▸ What the exercise asks
The line containing "Für die Arbeit" marks the end: restate word for word every line from the first line of the entries below through that one.
━━━
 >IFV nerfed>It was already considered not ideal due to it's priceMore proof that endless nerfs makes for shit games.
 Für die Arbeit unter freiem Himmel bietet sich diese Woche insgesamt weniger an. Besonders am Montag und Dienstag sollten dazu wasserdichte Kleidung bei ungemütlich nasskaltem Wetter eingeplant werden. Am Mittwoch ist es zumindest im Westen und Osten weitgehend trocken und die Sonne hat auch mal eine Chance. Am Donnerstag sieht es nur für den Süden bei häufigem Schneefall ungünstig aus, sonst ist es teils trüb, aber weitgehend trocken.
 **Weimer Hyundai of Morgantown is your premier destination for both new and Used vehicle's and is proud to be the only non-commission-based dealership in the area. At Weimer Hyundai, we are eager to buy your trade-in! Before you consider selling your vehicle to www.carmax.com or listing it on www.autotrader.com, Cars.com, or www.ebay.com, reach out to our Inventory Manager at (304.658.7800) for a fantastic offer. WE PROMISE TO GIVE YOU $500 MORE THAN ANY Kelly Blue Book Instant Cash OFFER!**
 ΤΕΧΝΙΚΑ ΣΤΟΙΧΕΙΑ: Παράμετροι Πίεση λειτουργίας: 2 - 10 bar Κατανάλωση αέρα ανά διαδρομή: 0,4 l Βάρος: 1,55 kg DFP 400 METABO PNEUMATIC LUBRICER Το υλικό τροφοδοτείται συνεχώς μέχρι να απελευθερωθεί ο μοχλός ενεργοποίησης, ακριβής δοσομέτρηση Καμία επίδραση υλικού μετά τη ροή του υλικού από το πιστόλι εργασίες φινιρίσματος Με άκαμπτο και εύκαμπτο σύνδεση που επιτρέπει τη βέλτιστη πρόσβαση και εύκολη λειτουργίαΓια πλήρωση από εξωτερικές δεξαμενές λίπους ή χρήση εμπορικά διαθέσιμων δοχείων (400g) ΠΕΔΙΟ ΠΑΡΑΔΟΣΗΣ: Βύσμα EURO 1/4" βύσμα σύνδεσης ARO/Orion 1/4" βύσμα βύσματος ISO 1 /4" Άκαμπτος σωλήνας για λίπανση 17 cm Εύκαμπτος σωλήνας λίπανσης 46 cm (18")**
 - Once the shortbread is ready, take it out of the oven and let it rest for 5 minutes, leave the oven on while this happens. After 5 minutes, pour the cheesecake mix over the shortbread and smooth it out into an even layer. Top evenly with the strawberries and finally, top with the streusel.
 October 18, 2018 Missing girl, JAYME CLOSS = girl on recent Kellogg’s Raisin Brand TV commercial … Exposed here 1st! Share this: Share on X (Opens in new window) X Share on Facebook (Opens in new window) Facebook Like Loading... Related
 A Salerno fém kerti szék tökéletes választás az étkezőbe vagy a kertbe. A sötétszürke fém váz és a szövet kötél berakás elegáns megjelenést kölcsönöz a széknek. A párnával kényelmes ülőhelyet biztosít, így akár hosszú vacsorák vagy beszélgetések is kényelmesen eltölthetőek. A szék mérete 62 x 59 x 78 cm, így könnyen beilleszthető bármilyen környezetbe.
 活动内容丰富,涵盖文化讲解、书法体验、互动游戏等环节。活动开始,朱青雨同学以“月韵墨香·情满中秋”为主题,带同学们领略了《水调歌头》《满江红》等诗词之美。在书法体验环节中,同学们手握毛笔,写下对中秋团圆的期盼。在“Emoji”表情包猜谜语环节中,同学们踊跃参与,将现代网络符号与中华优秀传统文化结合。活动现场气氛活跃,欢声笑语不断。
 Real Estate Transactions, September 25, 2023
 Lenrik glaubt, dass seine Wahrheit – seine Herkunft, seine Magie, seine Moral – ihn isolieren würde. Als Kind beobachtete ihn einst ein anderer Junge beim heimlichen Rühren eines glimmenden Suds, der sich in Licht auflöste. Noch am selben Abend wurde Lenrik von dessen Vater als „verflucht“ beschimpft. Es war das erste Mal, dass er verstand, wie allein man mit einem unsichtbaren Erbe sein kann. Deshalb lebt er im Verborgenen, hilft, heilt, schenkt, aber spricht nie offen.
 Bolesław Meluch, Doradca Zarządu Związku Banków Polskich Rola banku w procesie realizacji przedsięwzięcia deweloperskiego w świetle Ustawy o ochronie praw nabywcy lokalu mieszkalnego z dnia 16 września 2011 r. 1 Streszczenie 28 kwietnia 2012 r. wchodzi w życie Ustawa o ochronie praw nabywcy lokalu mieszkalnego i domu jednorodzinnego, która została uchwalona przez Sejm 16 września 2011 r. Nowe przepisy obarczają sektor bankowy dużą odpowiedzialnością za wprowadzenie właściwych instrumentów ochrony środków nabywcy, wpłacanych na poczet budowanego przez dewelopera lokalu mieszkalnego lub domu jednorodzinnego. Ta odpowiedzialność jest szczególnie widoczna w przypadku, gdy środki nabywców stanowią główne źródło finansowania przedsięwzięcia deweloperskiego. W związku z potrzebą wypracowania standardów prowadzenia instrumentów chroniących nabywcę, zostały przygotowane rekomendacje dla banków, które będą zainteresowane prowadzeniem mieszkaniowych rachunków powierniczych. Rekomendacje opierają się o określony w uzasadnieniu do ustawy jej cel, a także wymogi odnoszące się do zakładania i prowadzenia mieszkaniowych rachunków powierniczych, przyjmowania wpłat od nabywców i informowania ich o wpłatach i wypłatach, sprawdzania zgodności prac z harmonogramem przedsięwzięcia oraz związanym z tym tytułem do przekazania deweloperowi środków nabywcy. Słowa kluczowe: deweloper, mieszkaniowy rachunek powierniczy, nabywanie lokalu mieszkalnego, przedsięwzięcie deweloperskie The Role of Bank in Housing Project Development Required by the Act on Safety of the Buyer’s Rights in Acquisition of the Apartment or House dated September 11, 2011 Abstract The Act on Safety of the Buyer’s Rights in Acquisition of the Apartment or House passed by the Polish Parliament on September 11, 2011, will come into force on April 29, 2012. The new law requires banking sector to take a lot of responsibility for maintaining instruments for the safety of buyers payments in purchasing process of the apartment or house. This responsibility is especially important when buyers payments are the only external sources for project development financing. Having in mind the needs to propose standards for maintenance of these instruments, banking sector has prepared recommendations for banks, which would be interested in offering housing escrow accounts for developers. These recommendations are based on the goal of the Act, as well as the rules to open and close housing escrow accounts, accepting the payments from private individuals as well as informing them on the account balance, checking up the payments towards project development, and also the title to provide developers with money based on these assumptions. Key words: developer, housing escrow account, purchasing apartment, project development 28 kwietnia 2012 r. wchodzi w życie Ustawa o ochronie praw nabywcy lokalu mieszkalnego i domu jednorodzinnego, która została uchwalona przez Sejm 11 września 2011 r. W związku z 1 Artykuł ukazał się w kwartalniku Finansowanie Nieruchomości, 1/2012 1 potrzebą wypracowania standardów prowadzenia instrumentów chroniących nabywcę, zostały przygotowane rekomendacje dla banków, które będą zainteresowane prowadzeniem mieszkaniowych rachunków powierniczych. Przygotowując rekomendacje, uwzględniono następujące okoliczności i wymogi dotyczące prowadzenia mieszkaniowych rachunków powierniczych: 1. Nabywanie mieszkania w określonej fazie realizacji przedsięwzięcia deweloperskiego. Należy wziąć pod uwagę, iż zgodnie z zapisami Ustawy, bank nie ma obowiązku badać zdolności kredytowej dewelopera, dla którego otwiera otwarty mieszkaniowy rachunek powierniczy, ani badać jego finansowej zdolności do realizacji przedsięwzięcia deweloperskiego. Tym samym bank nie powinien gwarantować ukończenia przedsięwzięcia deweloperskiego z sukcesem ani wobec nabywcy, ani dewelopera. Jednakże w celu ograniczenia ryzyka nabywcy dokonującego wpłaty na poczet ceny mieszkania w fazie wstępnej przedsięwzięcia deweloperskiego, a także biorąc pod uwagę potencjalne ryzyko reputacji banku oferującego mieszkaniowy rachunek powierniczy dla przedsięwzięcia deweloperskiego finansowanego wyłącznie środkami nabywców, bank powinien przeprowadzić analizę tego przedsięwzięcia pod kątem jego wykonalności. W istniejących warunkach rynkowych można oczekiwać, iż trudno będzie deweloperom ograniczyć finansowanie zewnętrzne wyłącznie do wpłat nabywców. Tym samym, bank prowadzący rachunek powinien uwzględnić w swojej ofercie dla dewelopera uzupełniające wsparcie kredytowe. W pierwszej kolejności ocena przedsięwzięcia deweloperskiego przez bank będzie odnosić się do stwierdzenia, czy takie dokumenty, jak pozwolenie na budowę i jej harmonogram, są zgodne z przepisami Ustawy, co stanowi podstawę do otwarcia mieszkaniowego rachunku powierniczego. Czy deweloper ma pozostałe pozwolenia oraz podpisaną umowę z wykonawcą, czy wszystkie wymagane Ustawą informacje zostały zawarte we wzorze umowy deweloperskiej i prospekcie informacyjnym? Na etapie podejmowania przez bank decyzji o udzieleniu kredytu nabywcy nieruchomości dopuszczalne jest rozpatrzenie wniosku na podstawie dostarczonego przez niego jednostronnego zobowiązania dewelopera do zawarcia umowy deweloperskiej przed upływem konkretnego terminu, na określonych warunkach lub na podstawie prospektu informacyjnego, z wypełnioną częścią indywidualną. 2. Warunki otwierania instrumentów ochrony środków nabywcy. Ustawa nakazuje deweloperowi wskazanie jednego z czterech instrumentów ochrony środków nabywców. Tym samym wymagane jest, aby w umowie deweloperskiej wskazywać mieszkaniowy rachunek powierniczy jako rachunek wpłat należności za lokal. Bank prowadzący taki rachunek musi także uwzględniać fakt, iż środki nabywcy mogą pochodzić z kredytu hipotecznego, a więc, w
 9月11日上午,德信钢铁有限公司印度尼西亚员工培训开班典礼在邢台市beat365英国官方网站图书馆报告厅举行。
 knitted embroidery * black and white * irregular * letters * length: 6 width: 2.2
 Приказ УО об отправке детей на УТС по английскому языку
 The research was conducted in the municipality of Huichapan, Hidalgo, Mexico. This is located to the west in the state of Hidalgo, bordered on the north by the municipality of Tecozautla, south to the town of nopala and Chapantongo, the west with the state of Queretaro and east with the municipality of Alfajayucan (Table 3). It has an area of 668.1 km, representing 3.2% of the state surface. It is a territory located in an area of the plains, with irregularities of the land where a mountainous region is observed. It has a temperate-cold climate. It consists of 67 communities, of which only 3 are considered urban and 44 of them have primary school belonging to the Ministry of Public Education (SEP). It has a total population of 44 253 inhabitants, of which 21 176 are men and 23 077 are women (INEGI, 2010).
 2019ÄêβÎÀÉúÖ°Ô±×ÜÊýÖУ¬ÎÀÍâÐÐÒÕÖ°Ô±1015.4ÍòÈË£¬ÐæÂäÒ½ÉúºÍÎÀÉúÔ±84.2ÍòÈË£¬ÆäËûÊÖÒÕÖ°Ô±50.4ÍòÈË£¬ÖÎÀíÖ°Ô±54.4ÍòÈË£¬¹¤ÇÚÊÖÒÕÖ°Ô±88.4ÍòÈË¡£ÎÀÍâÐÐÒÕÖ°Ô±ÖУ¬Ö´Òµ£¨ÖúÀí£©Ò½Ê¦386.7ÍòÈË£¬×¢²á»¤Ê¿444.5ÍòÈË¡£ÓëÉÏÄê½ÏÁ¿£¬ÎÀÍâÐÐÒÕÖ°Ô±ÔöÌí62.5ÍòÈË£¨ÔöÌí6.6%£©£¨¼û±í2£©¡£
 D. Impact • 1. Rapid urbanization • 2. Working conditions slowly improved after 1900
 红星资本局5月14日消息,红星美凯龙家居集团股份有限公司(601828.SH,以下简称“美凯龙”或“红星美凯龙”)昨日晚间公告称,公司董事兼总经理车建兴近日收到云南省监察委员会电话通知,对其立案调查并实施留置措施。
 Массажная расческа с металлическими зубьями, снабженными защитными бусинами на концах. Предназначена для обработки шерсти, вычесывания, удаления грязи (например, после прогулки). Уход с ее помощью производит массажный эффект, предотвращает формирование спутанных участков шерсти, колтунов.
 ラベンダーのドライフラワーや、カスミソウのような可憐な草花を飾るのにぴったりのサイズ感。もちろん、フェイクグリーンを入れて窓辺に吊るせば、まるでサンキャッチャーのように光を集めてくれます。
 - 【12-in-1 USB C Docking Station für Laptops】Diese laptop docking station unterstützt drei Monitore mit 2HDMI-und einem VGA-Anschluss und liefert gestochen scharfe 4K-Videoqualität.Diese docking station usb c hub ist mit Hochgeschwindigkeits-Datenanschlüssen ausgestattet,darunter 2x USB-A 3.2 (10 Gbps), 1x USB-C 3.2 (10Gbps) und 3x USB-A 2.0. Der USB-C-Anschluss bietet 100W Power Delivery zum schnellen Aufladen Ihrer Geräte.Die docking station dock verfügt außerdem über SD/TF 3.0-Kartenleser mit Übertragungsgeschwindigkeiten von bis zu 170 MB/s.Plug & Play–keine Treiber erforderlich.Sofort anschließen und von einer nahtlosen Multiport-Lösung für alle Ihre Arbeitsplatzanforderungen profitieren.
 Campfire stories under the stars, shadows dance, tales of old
━━━
▸ Expected output
 >IFV nerfed>It was already considered not ideal due to it's priceMore proof that endless nerfs makes for shit games.
 Für die Arbeit unter freiem Himmel bietet sich diese Woche insgesamt weniger an. Besonders am Montag und Dienstag sollten dazu wasserdichte Kleidung bei ungemütlich nasskaltem Wetter eingeplant werden. Am Mittwoch ist es zumindest im Westen und Osten weitgehend trocken und die Sonne hat auch mal eine Chance. Am Donnerstag sieht es nur für den Süden bei häufigem Schneefall ungünstig aus, sonst ist es teils trüb, aber weitgehend trocken.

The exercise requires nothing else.